The assessment of side effects of several works reports that intra tecal morphine could trigger vomiting, pruritus, respiratory depression, urinary retention and clonidine hypotension, bradycardia. The study valued these variables, with the exception of urinary retention since patients graduate with an operating room with a bladder probe placed in the preoperative. The study by Gwirtz KH, et al. (1999) [11], reported 3% respiratory depression, 25% vomiting, and 62 to 94% pruritus, and the study of Khezri MB, et al. (2014) [12], reported cases of bradycardia and hypotension at high doses of clonidine.

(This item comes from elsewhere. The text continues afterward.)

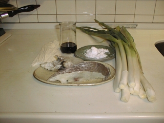 ![]() 魚が煮上がったら身だけを皿にとっておきます。次いで、魚 を煮た煮汁に、葱がひたひたになる程度まで水を加えてから 葱を入れ、軟らかくなるまで煮ます。 |

In our work only the vomiting had a statistically significant relevance comparing both medications, with a P less than 0.005 in favor of clonidine, where only 2 patients presented this adverse effect, in addition to the dose that the doses used were for safe use, without the presence of Complications that put the patient’s life at risk, beyond that it was not designed to study this phenomenon.

Conclusion

The work showed that intrathecal analgesia with morphine or clonidine is a useful tool for postoperative pain management in lumbar column surgeries later, it is easy and safe to administer, but clonidine that presents greater effectiveness for the management of the management Postoperative pain and with less presence of adverse effects and at the doses used did not present risks to the patient’s life.

Declarations

The authors declare not having conflicts of interest of any kind, that the work has been approved by the responsible ethics committee in the workplace, and do not declare means of financing of the work done.